Les jeunes zambiens qui connaissent la technologie sont divisés en nouvelles cyber-lois. Kellys Mushota, un utilisateur fréquent de réseaux sociaux et un jeune membre du Congrès de l’Union Zambia, a remarqué des changements dans le comportement en ligne:
« Depuis que cette loi a été adoptée, il y a eu une réduction du nombre de cas de harcèlement, ou même de la façon dont les utilisateurs interagissent de manière agressive sur les réseaux sociaux. Cependant, il y avait aussi un moins de personnes pour parler librement de questions telles que la gouvernance et la politique », a déclaré DW.
Déjà Joshua Seke, un chercheur de 22 ans, résidant à Kitwe, dit que les jeunes sont préoccupés par la possibilité que leurs conversations privées soient interceptées par les autorités. « Si nous regardons ce que les jeunes disent en ligne, cela signifie que maintenant je ne peux plus rire avec ma petite amie sur les réseaux?

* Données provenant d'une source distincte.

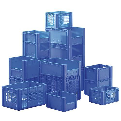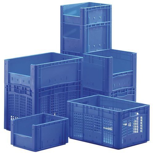 Eurooppalaisen standardin mukainen laatikko, jossa kokonaiset seinät ja tasainen pohja, joka voidaan pinota muiden eurooppalaisen standardin mukaisten laatikoiden ja lavojen kanssa. Kestää öljyjä, rasvoja, happoja ja emäksiä. Vahvistetut reunat tekevät siitä erittäin vakaan pinottaessa. Helppo täyttää ja helppo päästä käsiksi sisältöön. Avoimet ergonomiset kahvat helpottavat kuljetusta. Etiketinpidike sisällön tunnistamiseen. Sileät seinät helpottavat puhdistusta.

Le gouvernement lira-t-il vraiment tout ce que nous faisons? » Il a demandé.
D’un autre côté, Mary Ndau, 31 ans, résidant à Lusaca, a déclaré à DW que la législation pourrait dissuader les abus en ligne. « Les gens agiront correctement en ligne, ne montreront plus de comportements ou d’intimidation inappropriés, car ils sauront qu’ils peuvent être tenus responsables de la loi », a-t-il déclaré.
Hichilema: du critique à l’implémentateur
En tant que chef de l’opposition, le président Hichilema a critiqué à plusieurs reprises les cyber-lois, les décrivant comme des instruments de surveillance du gouvernement. Cependant, il a finalement promulgué des lois sur la cybersécurité encore plus restrictives.
Edrine Wanyama, de l’organisation CYPESA (collaboration pour la politique internationale des TIC en Afrique orientale et australe), basée dans un campal, a déclaré que la législation sur la cybersécurité n’était pas exclusive à la Zambie. Des pays comme l’Afrique du Sud, le Zimbabué, la Namibie et Maláui ont également mis en œuvre des lois similaires.
« Les pays ont tendance à copier des pratiques des autres et à les appliquer en interne », a-t-il déclaré à DW. « C’est comme un virus qui continue de se propager à travers le continent, et ces lois ont été efficaces pour que les gouvernements contrôlent l’expression, l’accès à l’information, la réunion et l’association dans l’espace numérique. »
La Fondation ouest-africaine de Medium a également dénoncé l’augmentation des cyber-lois restrictives qui violent la liberté d’expression et la vie privée dans des pays comme le Nigéria, le Cameroun, la Côte d’Ivoire, le Bénin et le Niger.